A bicycle wheel that initially spins at 3 revolutions per second is braked uniformly to a stop in 1 second. A spot is painted at the outer edge of the wheel. How many revolutions does the spot go during the time it takes the wheel to stop?
The answer I got was 0.5 but was incorrect so can someone show me how to do this problem.
I like moving things to radians, not revs.
angularaccleration=changevleociyt/time
= -3*2PI/1 rad/sec
finalangulvelocity^2=intialangularvelocity^2+2*angularacceleration*displacement
0=(3*2PI)^2+2(-2*3PI)*displacment
solve for displacement (in radians) ; divide by 2PI to get revs.
Ok thanks.
1.5 revolutions.
If it starts at 3 rev/sec and ends at 0 rev/sec and decelerates uniformly, then the avg is 1.5 rev/sec. It spent 1 second, so 1.5 rev/sec * 1 sec = 1.5 rev
To solve this problem, we need to understand the relationship between angular velocity (ω), time (t), and the number of revolutions (N).

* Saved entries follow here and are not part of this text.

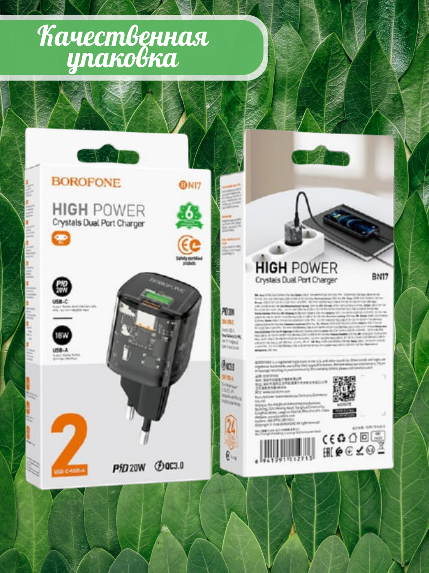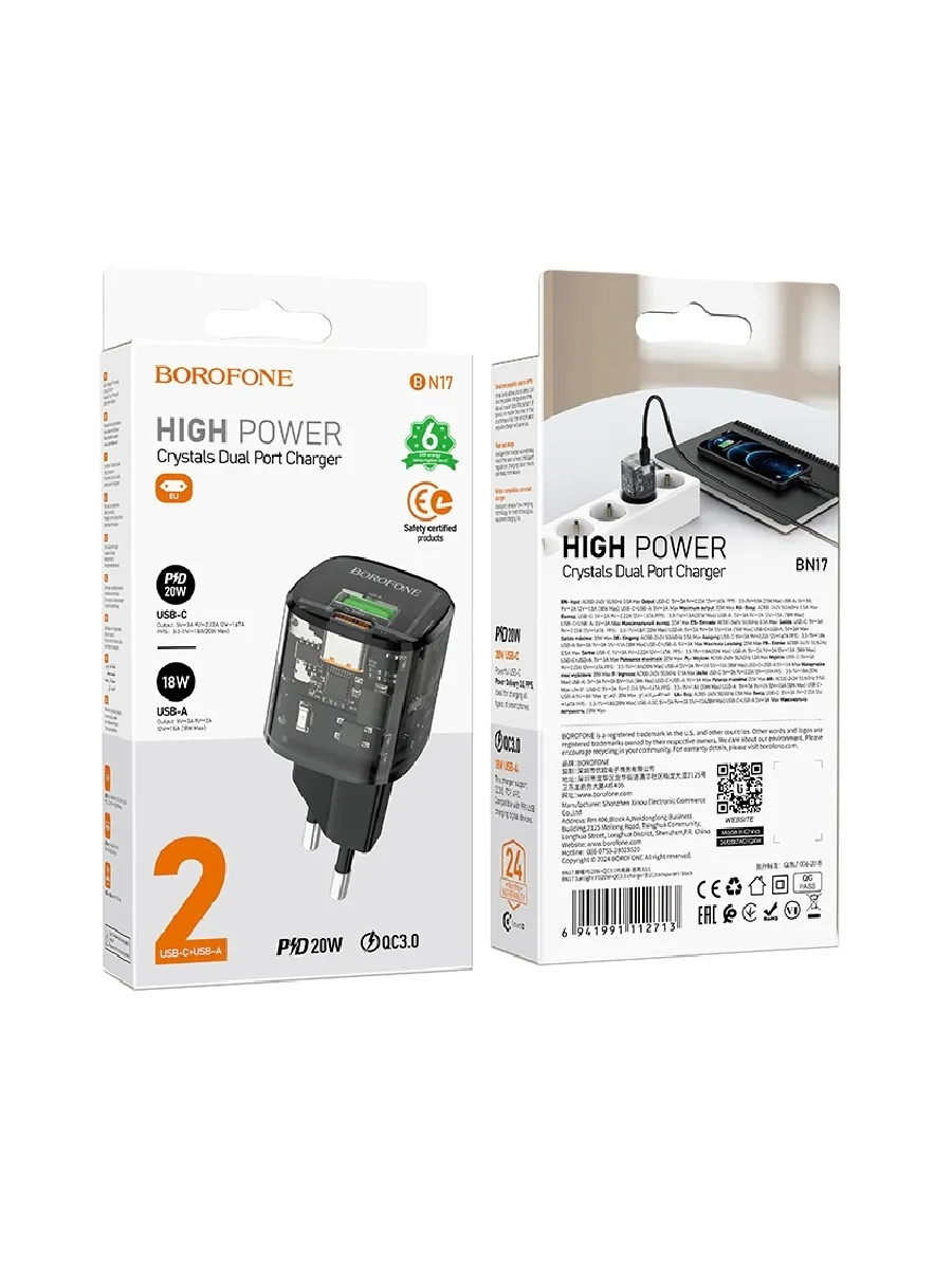 Borofone BN17 - современное сетевое зарядное устройство с поддержкой быстрой зарядки, разработанное для эффективной подзарядки ваших устройств.
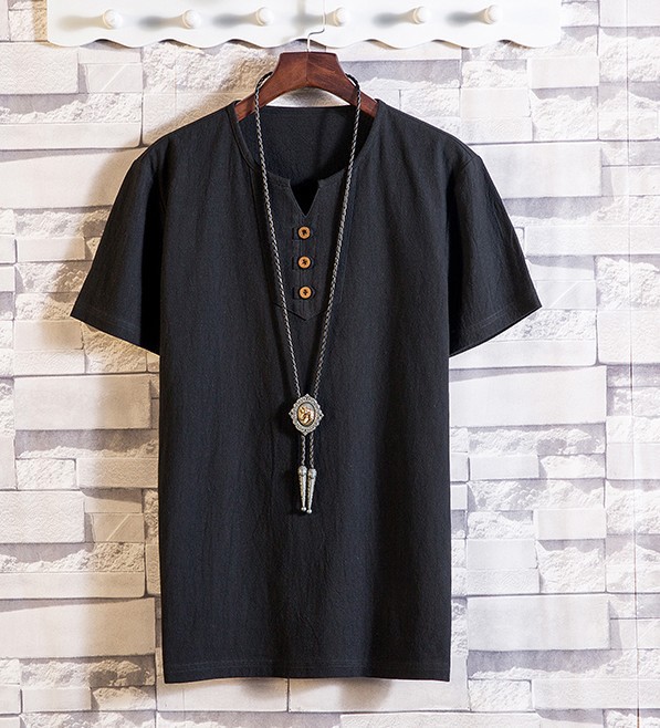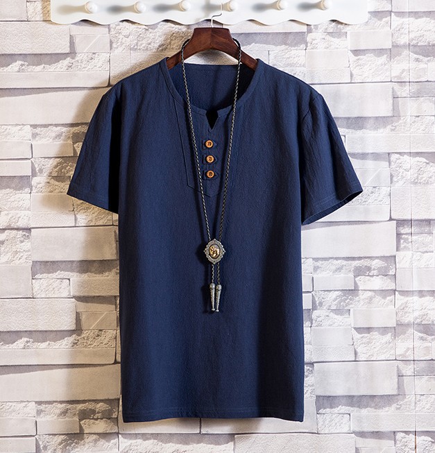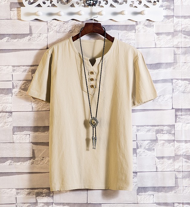 2024 여름 새로운 남성 일본 린넨 반팔 티셔츠 얇은 소프트 V 넥 코드와 린넨 청소년 패션 반팔 티셔츠스토어 가기
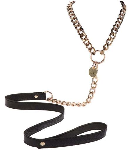 Je suis le collier et sa laisse Statement Dona de la marque Taboom (https://www.espaceplaisir.fr/marques/441-taboom). Je vous permets de concrétiser vos envies de soumission et de domination... Grâce à moi, réalisez vos fantasmes BDSM les plus bestiaux, en complicité avec votre partenaire ! Mon beau collier aux mailles larges orne à merveille votre cou... Quant à mon élégante laisse, elle fait de vous ou votre moitié un véritable objet de désir ! Vous pouvez même utiliser mon collier ou ma laisse de manière indépendante ou avec l'accessoire de votre choix. Ils sont en effet détachables pour vous permettre des jeux variés et toujours plus pimentés. Mon similicuir noir et mes chaînes dorées vous donnent l'élégance et la splendeur que vous méritez ! Leur métal lourd et froid vous donnera d'exquises et intenses sensations. Dimensions : * Collier : 49 cm * Laisse : 75 cm Pour que chacun·e prenne du plaisir en toute sécurité, la communication, le consentement et la connaissance des risques liés à vos pratiques sont essentiels au bon fonctionnement de vos jeux BDSM. ...
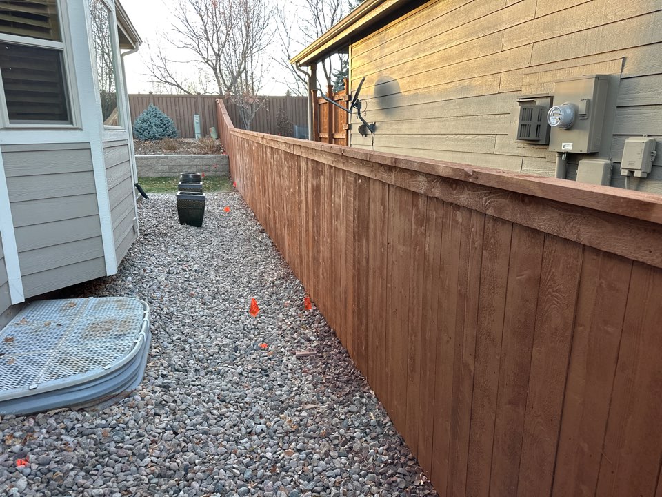 6 foot tall privacy fence with cap and trim. Stained to the HOA specifications for a new homeowner in Johnstown Colorado
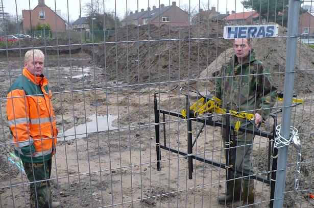 Steven Jonkers en Albert Rijpers van de ECG baggeren met hoge laarzen door de plassen. Een zwaar rek voor zich uithoudend, kort boven de grond. “Er is al heel wat pers langsgeweest vanmorgen, en niemand had een beker koffie voor ons bij zich,” mopperen de twee mannen. Maar al gauw breekt de lach weer door. “Ach, wellicht vinden we hier nog wat interessants, oude munten of zo..”

The formula to calculate the number of revolutions is given by:
N = ω * t / (2π)
Where:
N = number of revolutions
ω = angular velocity (in radians per second)
t = time (in seconds)
In this case, the initial angular velocity (ω) is given as 3 revolutions per second. To convert this into radians per second, we need to multiply by 2π since there are 2π radians in one revolution. Therefore, the initial angular velocity is:
ω = 3 * 2π = 6π radians per second
Next, we know that the wheel comes to a stop in 1 second (t = 1).
Now, plugging the values into the formula, we can calculate the number of revolutions:
N = (6π) * 1 / (2π) = 3 revolutions
So, during the time it takes the wheel to stop, the spot painted at the outer edge of the wheel goes through 3 complete revolutions, not 0.5 as you initially thought.
Therefore, the correct answer is 3 revolutions.